Campos - Temos dois aparelhos de televisão com o set top box embutido. Ainda não sabemos se vale a pena produzir o equipamento separado porque teremos que analisar nossa capacidade de produção. Pode fazer sentido no futuro, quando tiver escala. Hoje faz sentido para a Samsung ter uma linha de TV com o set top embutido. Hoje temos modelos de 40 e de 52 polegadas e a idéia é ampliar o número de modelos. Isso agrega valor para o consumidor e me deixa mais competitivo.
Telecom Online - A Samsung já trouxe do Amazonas para São Paulo a produção de celulares e parte de monitores por conta dos impasses tributários que existem entre os dois estados. O movimento pode se repetir para outros produtos?
Campos - A questão tributária foi apenas um fator. Eu não tinha espaço físico para crescer lá e tem o aspecto da logística. São vários fatores. Eu precisava de espaço físico para crescer a produção de áudio e vídeo, assim como a de celulares. Então optamos por trazer celular para cá, não só pelos impostos. Não se muda uma fábrica só pelos benefícios fiscais. Tem a questão da mão-de-obra e de logística também. Com isso, eu fiquei em uma posição muito confortável em relação aos impasses fiscais. Estamos nos preparando para crescer nos dois lugares. Ambos têm prós e contras.
Telecom Online - Quais os planos da Samsung para o WiMAX?
Campos - A Samsung é o grande líder mundial em WiMAX e estamos junto com a Sprint no projeto dela nos Estados Unidos. Na Coréia já temos a tecnologia em funcionamento comercial e o serviço é realmente interessante. É uma tecnologia fantástica e abre boas oportunidades para se aumentar a competição.

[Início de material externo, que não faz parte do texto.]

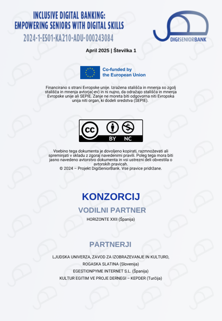 Inclusive Digital Banking: Empowering Seniors with Digital Skills je Erasmus + projekt, namenjen premostitvi digitalnega razkoraka za starejše. Naše poslanstvo je opolnomočenje starejših z digitalnimi veščinami ter spodbujanje finančne in družbene vključenosti v digitalni dobi.
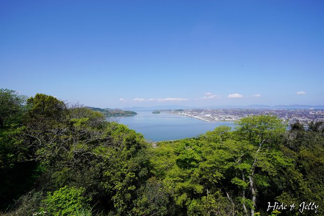 本丸的西側,可以眺望橫跨鳥取島根縣界的中海,景色非常好,前方中央的萱島也清晰可
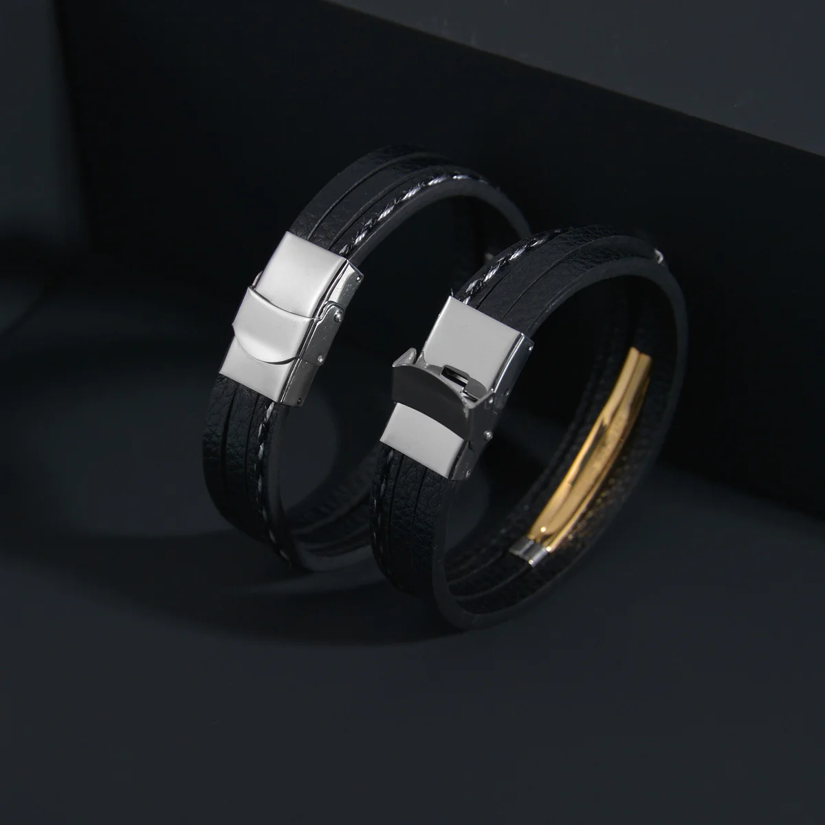 Мужские и женские браслеты из нержавеющей стали с кожаной цепочкой ...
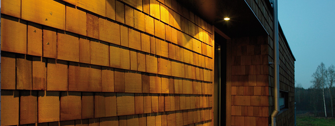 En hyvlad ytterväggspanel som ofta används på fritidshus för att ge timmerhuskaraktär.
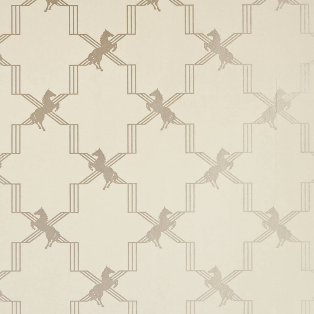 The stunning Horse Trellis design from Barneby Gates was one of their first geometric prints, it features rearing horses linked by triple bars. This wallpaper is available in 2 gorgeous colourways.
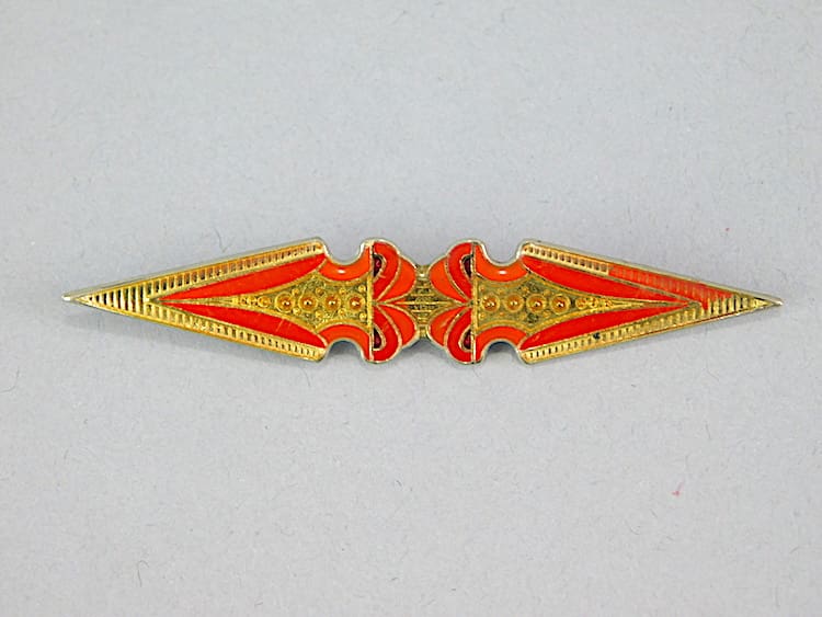 Gilt and red enamel bar brooch.
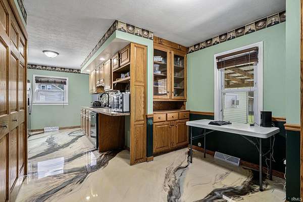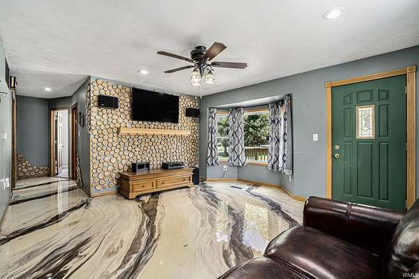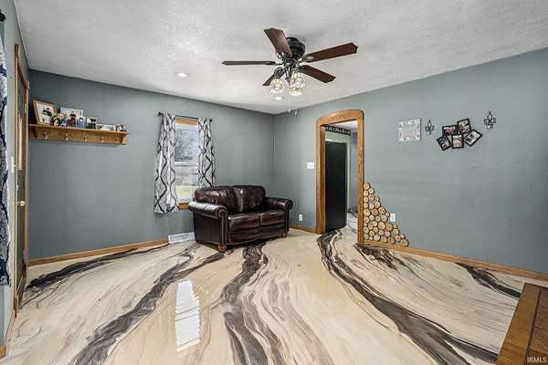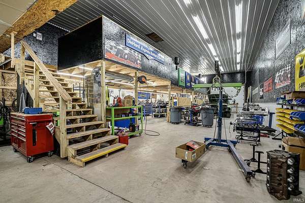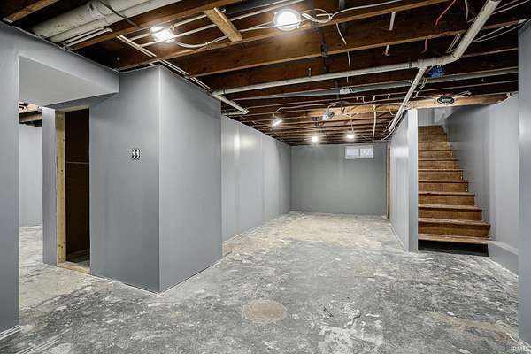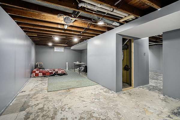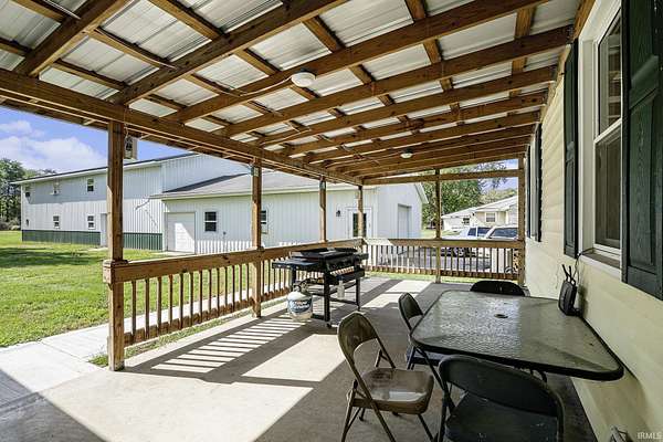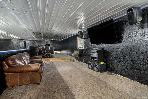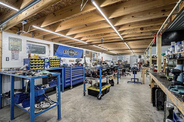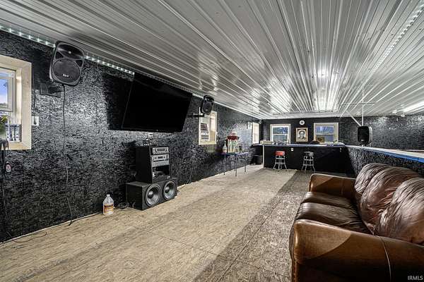 This well-maintained 3-bedroom, 1-bathroom ranch offers 1,310 square feet of comfortable living space on a generous 1.5-acre lot. The home features epoxied concrete and carpet flooring throughout, with an accent wall adding visual interest. The galley kitchen includes stainless steel appliances for efficient meal preparation. Practical amenities include main-level laundry convenience and a heated attached 1-car garage for year-round comfort. Step outside to enjoy the covered back porch and wood fire pit--perfect for outdoor relaxation and entertaining. The lower level is just waiting for your finishing touches. Finished walls but no flooring. The property includes a massive 30X100 outbuilding with a party room (man cave)in the loft, providing additional space for gatherings or hobbies. The outbuilding features 2 furnaces, 4 garage doors and a sink/water. Home Details: The lower level was professionally treated in 2003 with Everdry waterproofing for added peace of mind, new water heater in 2022, new LED lights in the lower level, the lower level is drywalled and ready to be finished.

Tenho a tecnologia, falta apenas o leilão das faixas de 3,5 GHz para os negócios decolarem no Brasil. Temos o contrato com a TVA, que está andando. Estamos preparados para ser um grande player neste segmento. Quanto à produção destes equipamentos no Brasil, vai depender do mercado. Ainda é cedo para se afirmar isso, mas olhamos todas as oportunidades.